▸ **Work item**
Every record below must be retyped exactly, with the pictures left out.

---------- Source material ----------

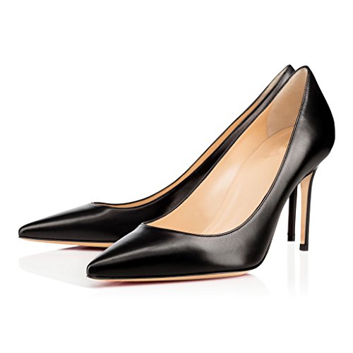 Elashe- Scarpe da Donna - 8CM Scarpe col Tacco Pointy Toe - Classiche Scarpe col Tacco Matte Nero EU45
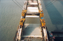 這塊橋面板中將安裝兩只名為“阻尼器”的減震裝置,其作用就像兩根彈簧,以減緩或防止突發性地震等災害所帶來的沖擊力,確保主橋安然無恙。(陸綺雯顧慶生)
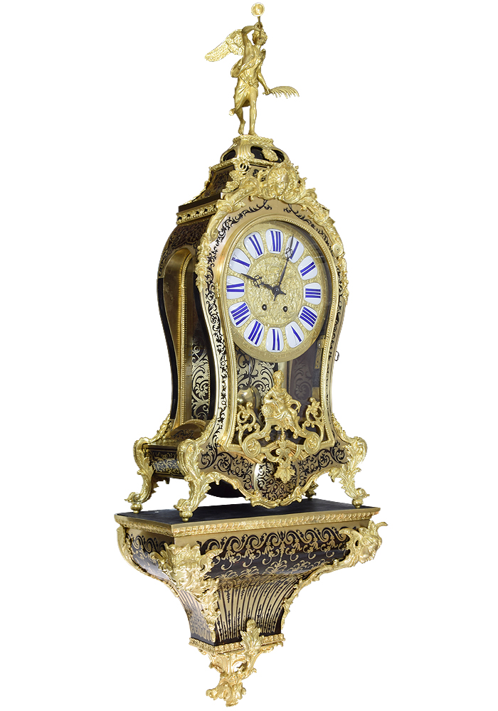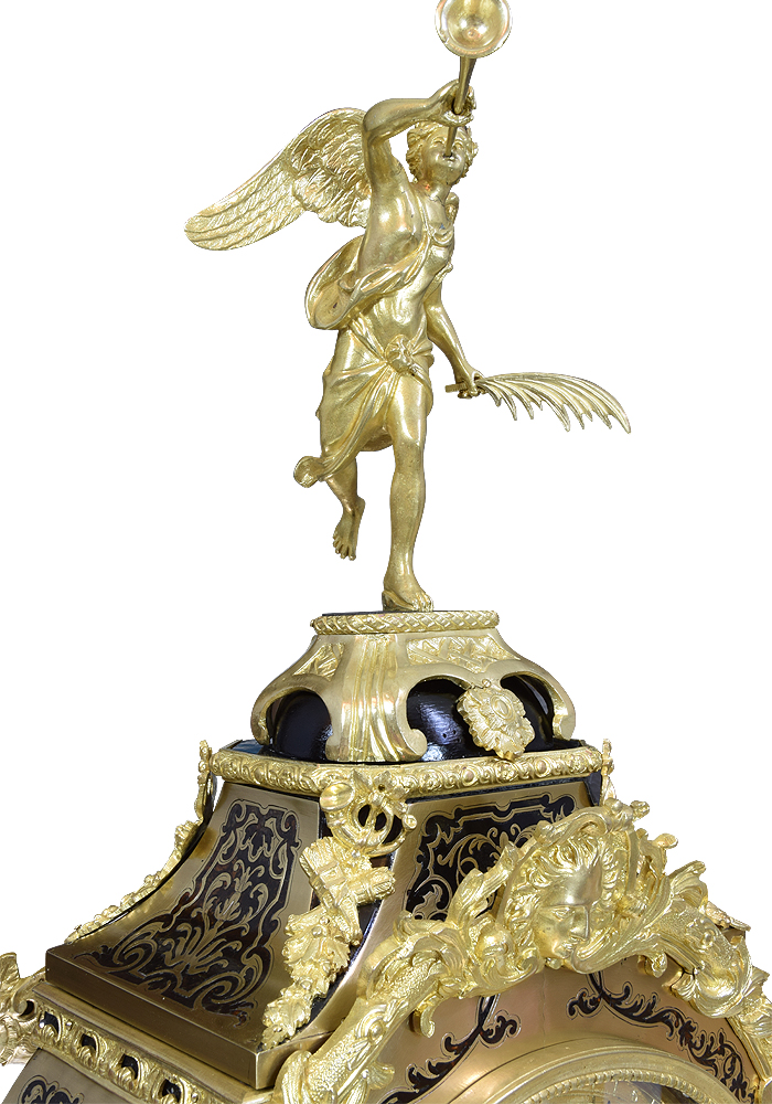 Magnifique cartel d’applique de style Louis XV d’époque Napoléon III. Sublime marqueterie technique Boulle en écaille de tortue et de laiton doré, ornementation en bronze doré finement ciselé à décor de masques feminins, de la Muse Uranie en façade, de feuillage mouvementé, d’arc et carquois et au sommet une sculpture de la déesse Romaine Fama.
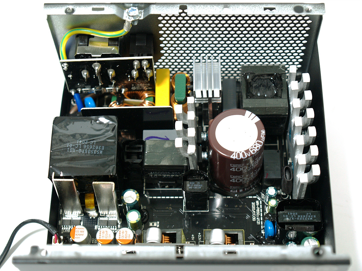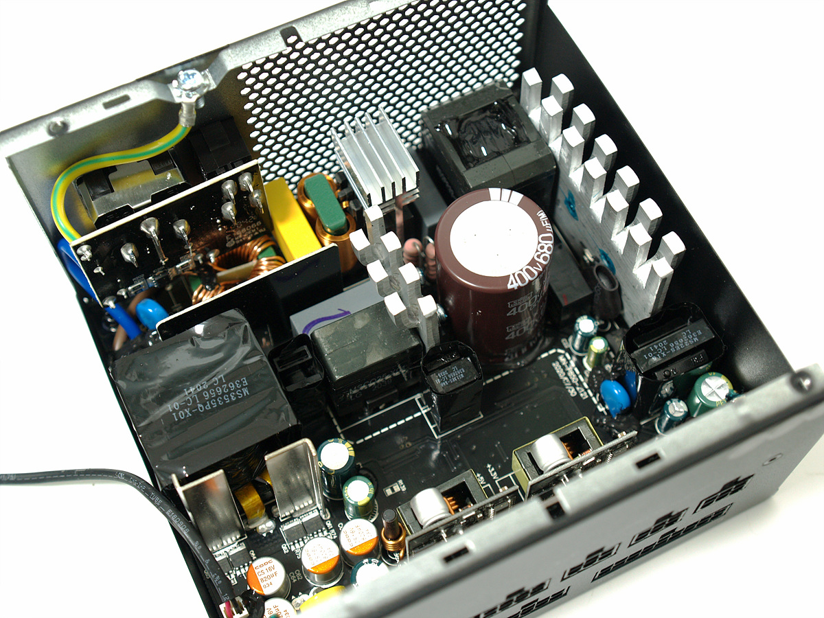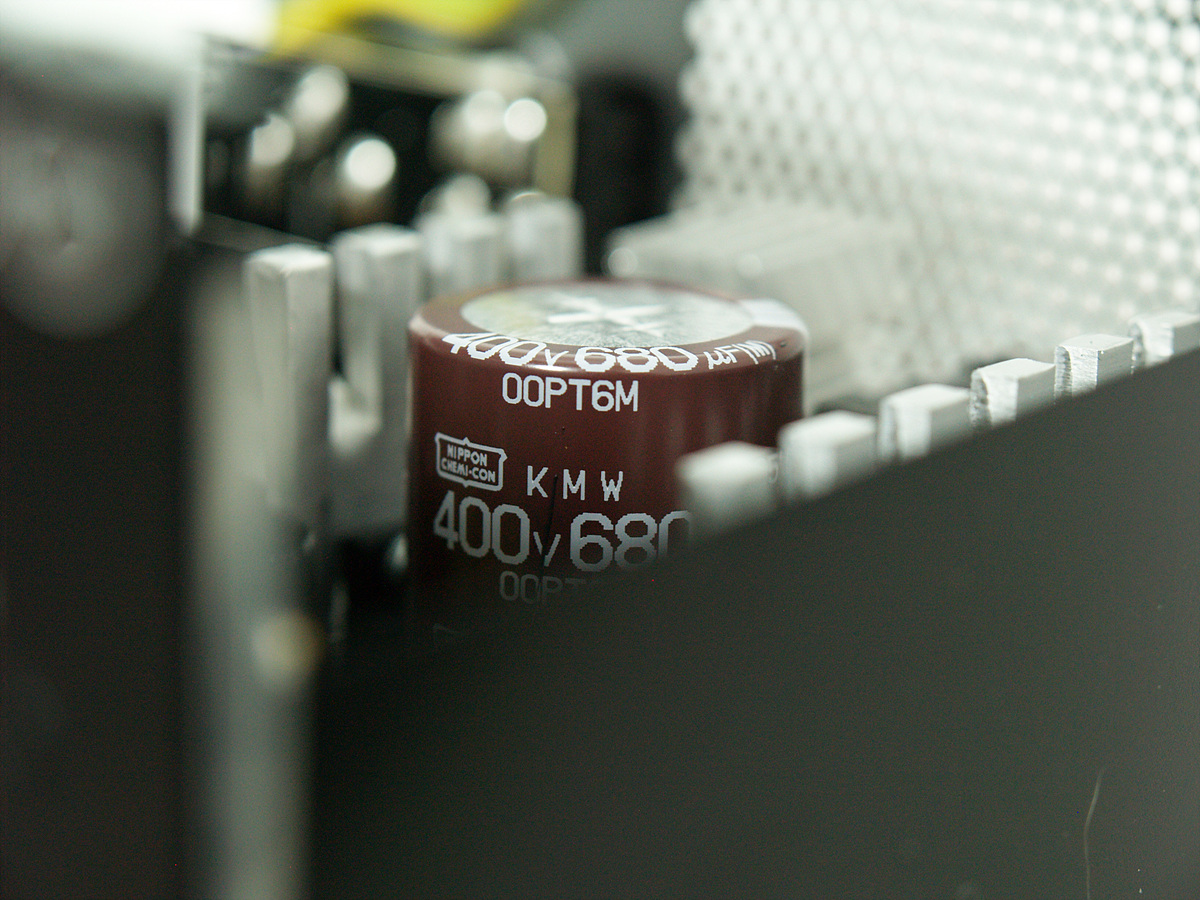 입력단에는 EMI 필터, AC to DC 변환을 위한 스위칭 트랜스, 액티브 방식의 PFC가 적용되었으며 메인 컨덴서는 일본산 400V 680uF(마이크로 패럿) 콘덴서가 장착되었습니다.
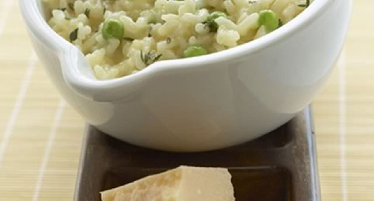- Leve a cebola picada ao lume num tacho com a 70 g de Vaqueiro com Azeite. Quando a cebola começar a alourar, adicione as ervilhas, tape e deixe suar durante cerca de 5 minutos. Junte o arroz, mexa e deixe-o fritar durante cerca de 5 minutos, mexendo.

----------

▸ **Result of this exercise**
 Elashe- Scarpe da Donna - 8CM Scarpe col Tacco Pointy Toe - Classiche Scarpe col Tacco Matte Nero EU45
 這塊橋面板中將安裝兩只名為“阻尼器”的減震裝置,其作用就像兩根彈簧,以減緩或防止突發性地震等災害所帶來的沖擊力,確保主橋安然無恙。(陸綺雯顧慶生)
 Magnifique cartel d’applique de style Louis XV d’époque Napoléon III. Sublime marqueterie technique Boulle en écaille de tortue et de laiton doré, ornementation en bronze doré finement ciselé à décor de masques feminins, de la Muse Uranie en façade, de feuillage mouvementé, d’arc et carquois et au sommet une sculpture de la déesse Romaine Fama.
 입력단에는 EMI 필터, AC to DC 변환을 위한 스위칭 트랜스, 액티브 방식의 PFC가 적용되었으며 메인 컨덴서는 일본산 400V 680uF(마이크로 패럿) 콘덴서가 장착되었습니다.
- Leve a cebola picada ao lume num tacho com a 70 g de Vaqueiro com Azeite. Quando a cebola começar a alourar, adicione as ervilhas, tape e deixe suar durante cerca de 5 minutos. Junte o arroz, mexa e deixe-o fritar durante cerca de 5 minutos, mexendo.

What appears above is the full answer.